ACTIVITY
Pictures are to be dropped, and only the lines from the one containing "Сумочка розмір 23*15*5" through the end of the data below are to be reproduced as written.

(Items listed in a dataset)
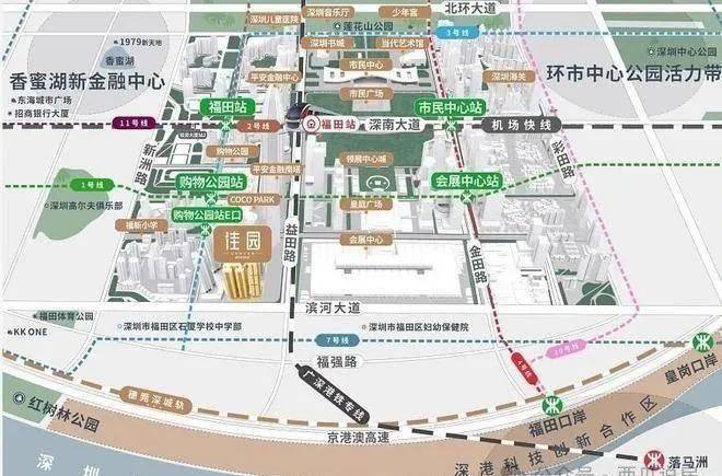 ◆ 7条地铁线环绕:1号线罗湖-机场、2号线莲塘-赤湾、3号线福保-双龙、4号线福田口岸-牛湖、7号线西丽湖-太安、10号线福田口岸-双拥街、11号线福田-碧头
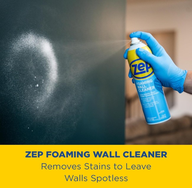 Zep Foaming Wall Cleaner is a professional-grade wall cleaner designed to lift scuffs, stains, fingerprints, grease, and crayon marks without damaging finishes or leaving behind residue. For use on walls, ceilings, woodwork, painted surfaces, vinyl coverings, and washable wallpaper, this scrub-free formula ensures a gentle yet effective clean. Trusted for its cleaning power and reliability, Zep Foaming Wall Cleaner helps keep your home looking its best with minimal effort.
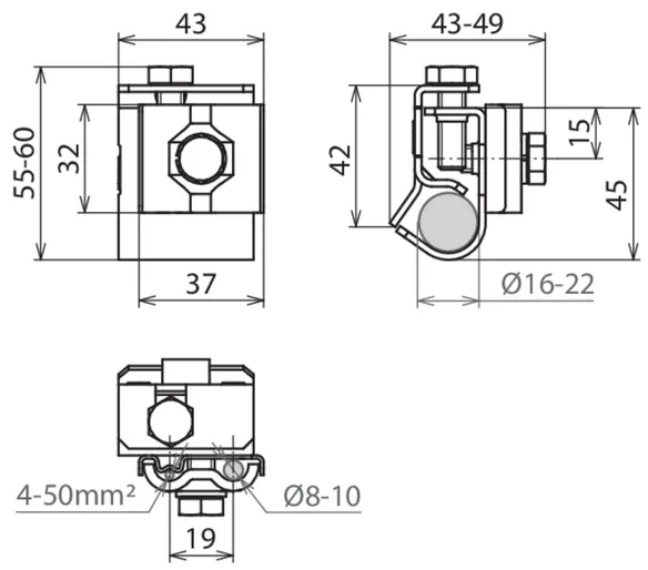 | Collegamento (rigido / semirigido) | 16-50 mm2 |
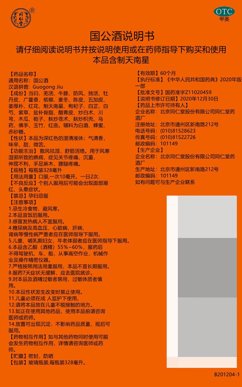 同仁堂 国公酒 328ml 散风祛湿 舒筋活络 症见关节疼痛 屈伸不利 手足麻木 腰腿疼痛
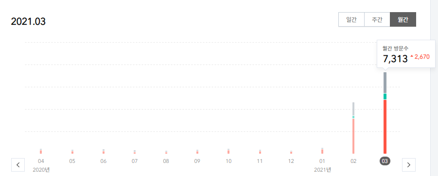 2021년 1월말부터 작심하고 글을 작성하기 시작하면서부터 점점 블로그 방문자가 증가하기 시작했습니다. 그래프로 보면 다음과 같이 기하급수적으로 늘어나는 것을 확인할 수 있습니다.
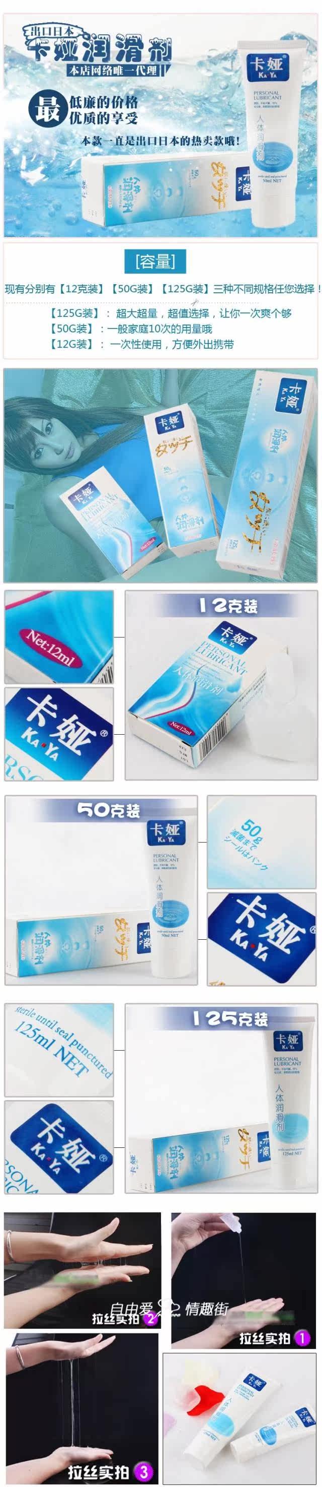 “卡娅”高效人体润滑剂,配方极其温和、色泽清澈纯正,不油腻,具有抗过敏性和不留有害残渣的特点。特别添加的有益成分,非常适用于年龄增长、工作压力及生活方式等因素而引起的女性分泌物减少、性生活不和谐等现象。增强女性阴户生殖道或肛道的润滑和弹性,使用倍感舒适无异物感.经常使用能改善女性性冷淡和无高潮症状.有普通常规型、芦荟滋养调节型、阴道修复型、热感催情型、冰极酷爽型、延时型等众多类型可供选择。
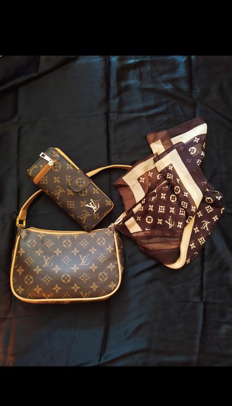 Сумочка розмір 23*15*5 Всередині кишенька на блискавці довжина ремінця 50 на сумочці збоку дефект гаманець 18.5*9 хустку 160*52 є пари затяжок, але на вигляд не впливає ціна за все
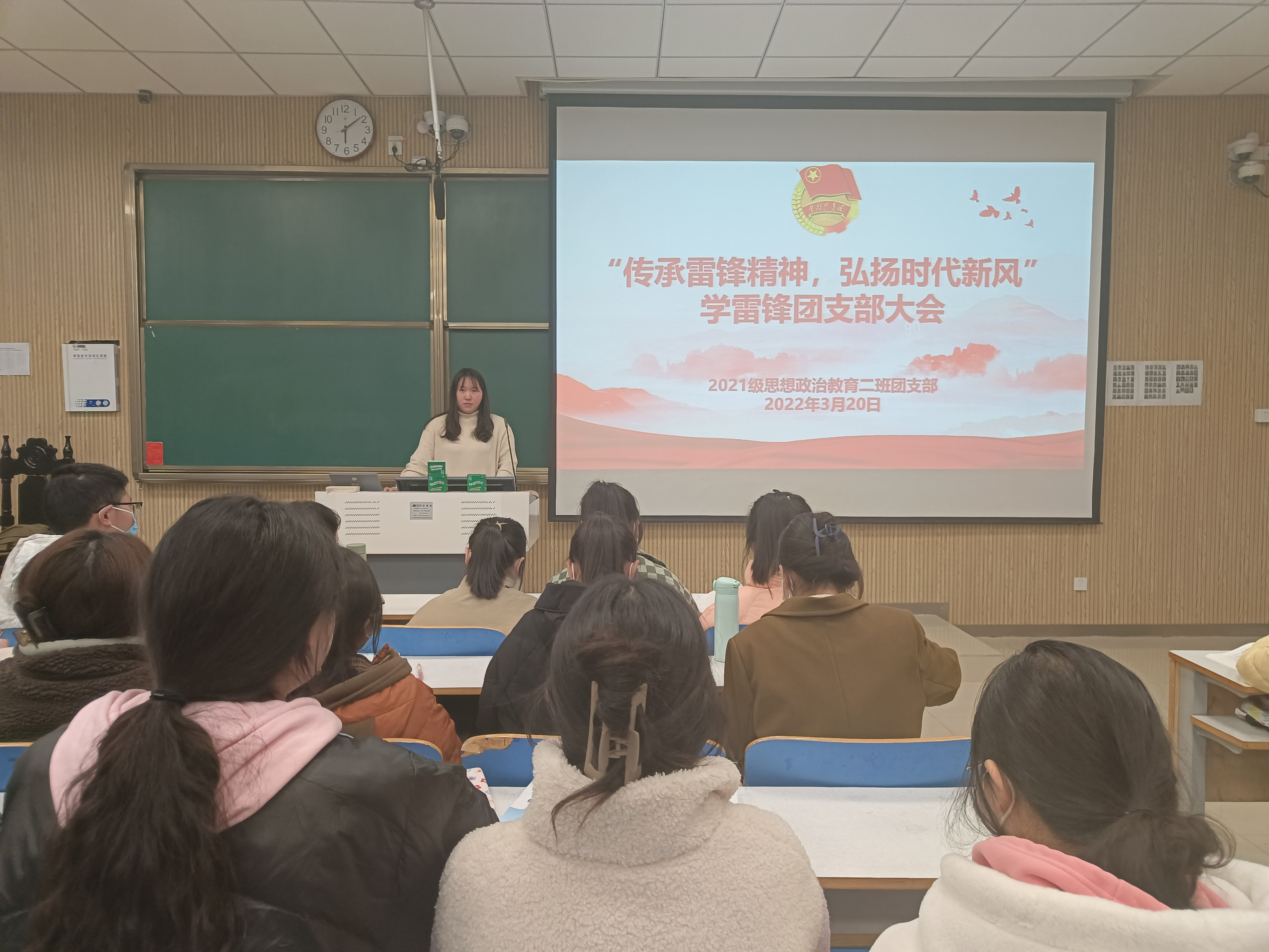 3月20日下午,金年会jinnianhuicom2021级思想政治教育二班在社科楼515教室召开“传承雷锋精神,弘扬时代新风”学习雷锋团支部大会。2021级思想政治教育二班全体团员参加此次团支部大会,团支部大会由团支书王婧欣主持。

ANSWER BELOW
 Сумочка розмір 23*15*5 Всередині кишенька на блискавці довжина ремінця 50 на сумочці збоку дефект гаманець 18.5*9 хустку 160*52 є пари затяжок, але на вигляд не впливає ціна за все
 3月20日下午,金年会jinnianhuicom2021级思想政治教育二班在社科楼515教室召开“传承雷锋精神,弘扬时代新风”学习雷锋团支部大会。2021级思想政治教育二班全体团员参加此次团支部大会,团支部大会由团支书王婧欣主持。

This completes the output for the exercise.